───── THE DATA ─────

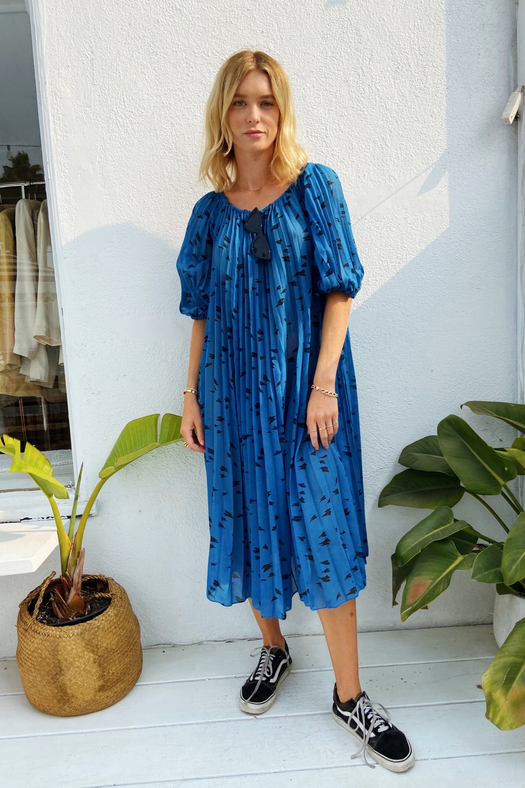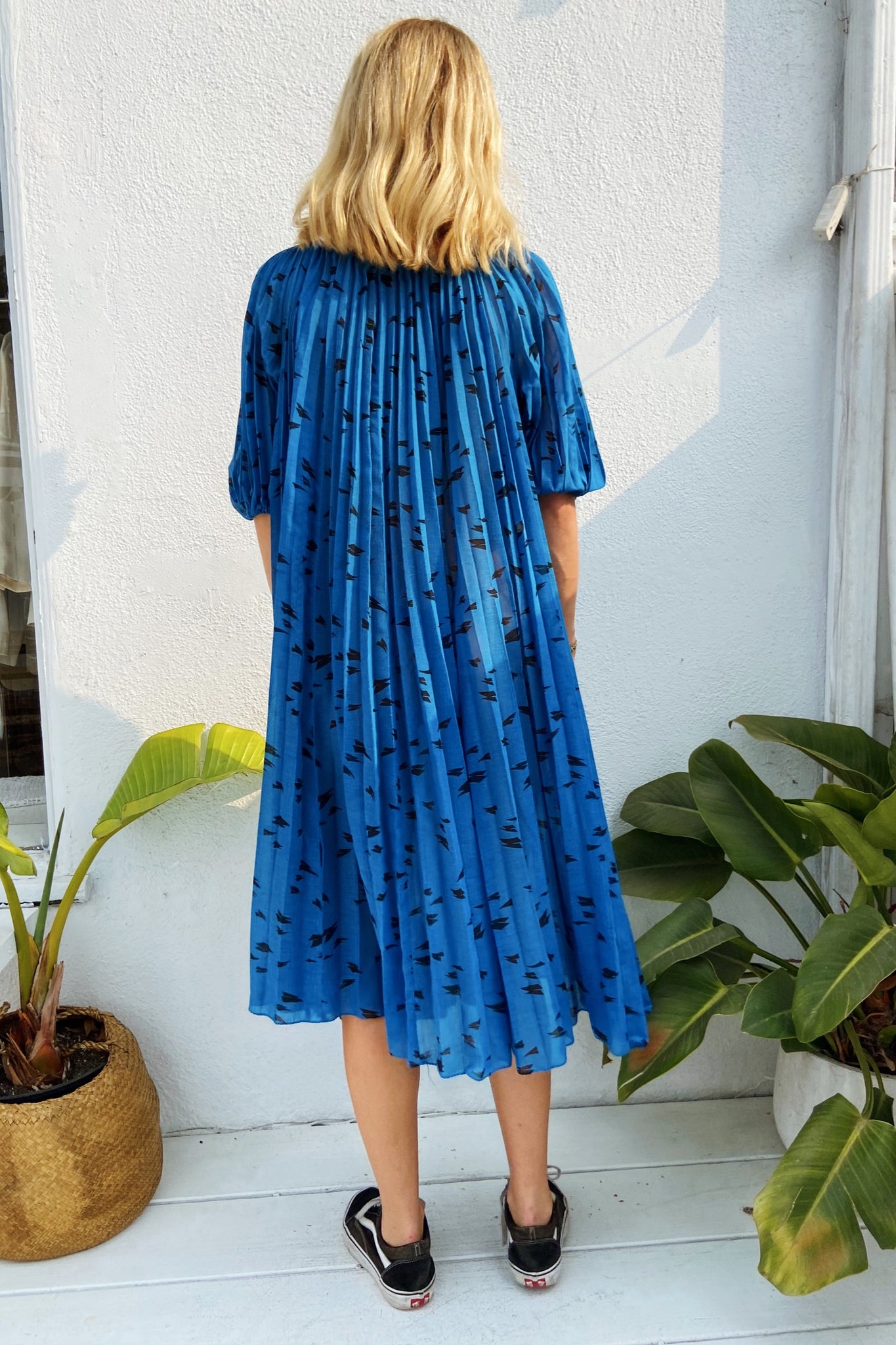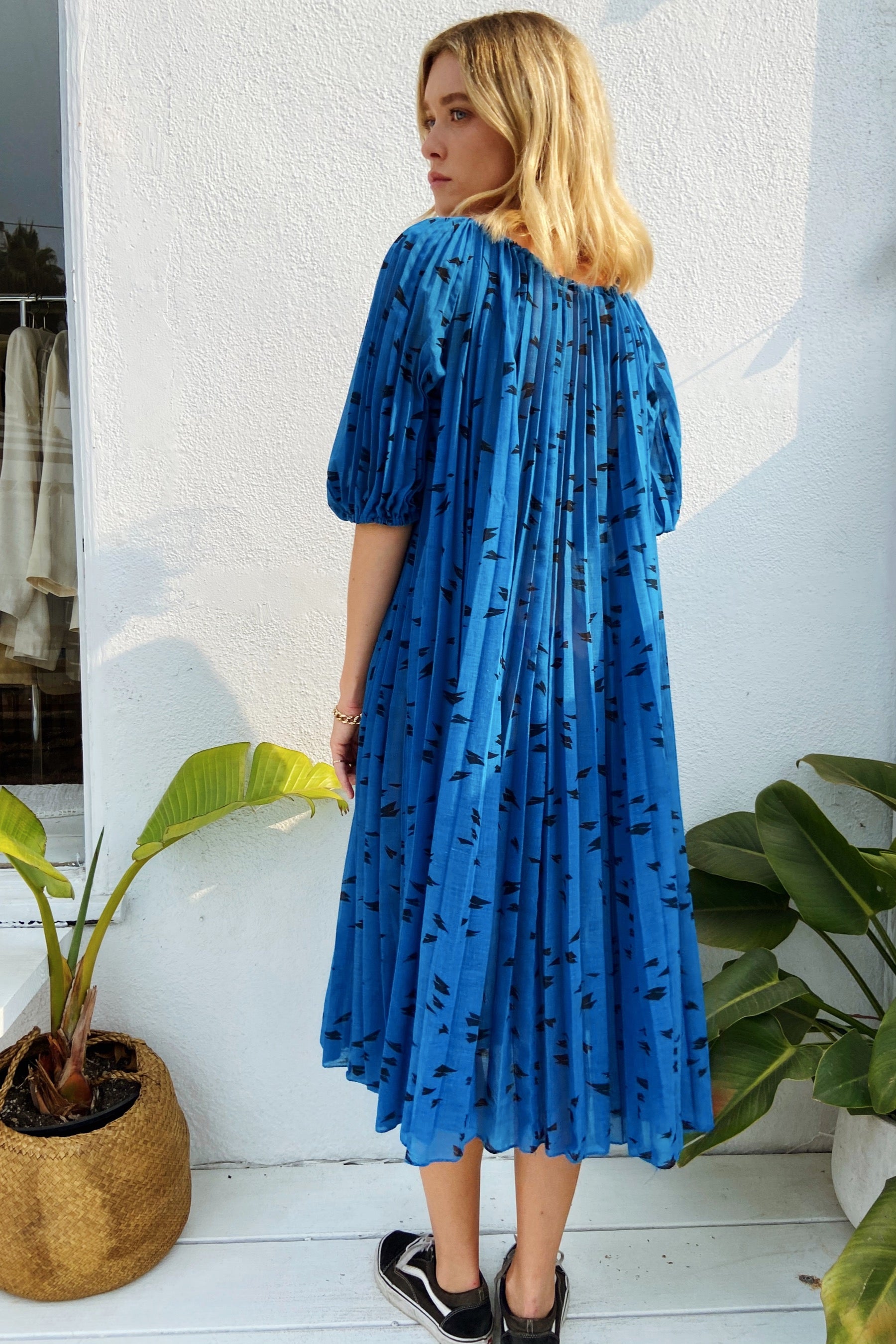 1980s Blue Dress with Accordion Details
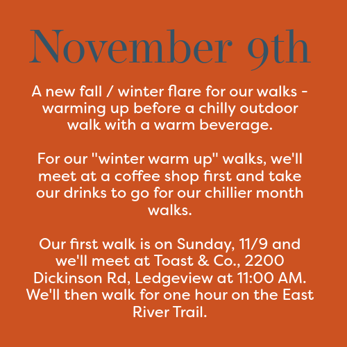 Sorry for the confusion on our part – we inadvertently posted two start times for the walk tomorrow. We will meet at 11:00 AM at Toast & Co. for our walk! Thank you!
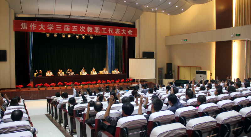 2012年10月11日下午,在南校区报告厅,召开了我校三届五次教职工代表大会,大会的主要任务是:审议通过《304永利集团登录入口教职工代表大会实施办法》。校领导郭维杰、林效廷、焦金雷、马韵新、符德学、杨中汉、张浦、申文波出席会议。会议由工会主席杨中汉主持,党委副书记焦金雷宣读决议,党委书记郭维杰作了重要讲话。全体代表本着对学校事业发展高度负责的态度,对大会的主要报告和文件进行了认真听取、讨论和表决,圆满完成了大会的各项议程。
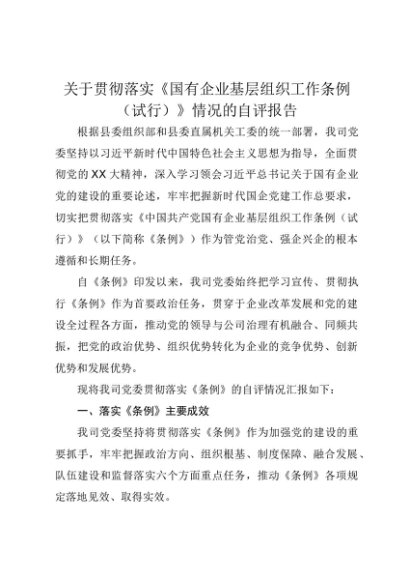 【七哥公文】2025年:关于贯彻落实《国有企业基层组织工作条例(试行)》情况的自评报告+更多免费公文+VX:QiGeGongWen2024

─────

◆ **WORK TO BE COMPLETED**: Would you restate, word for word and with no pictures, only the lines from the opening of the material through the line with "Sorry for the", both included?

◆ **THE COMPLETED TASK**:
 1980s Blue Dress with Accordion Details
 Sorry for the confusion on our part – we inadvertently posted two start times for the walk tomorrow. We will meet at 11:00 AM at Toast & Co. for our walk! Thank you!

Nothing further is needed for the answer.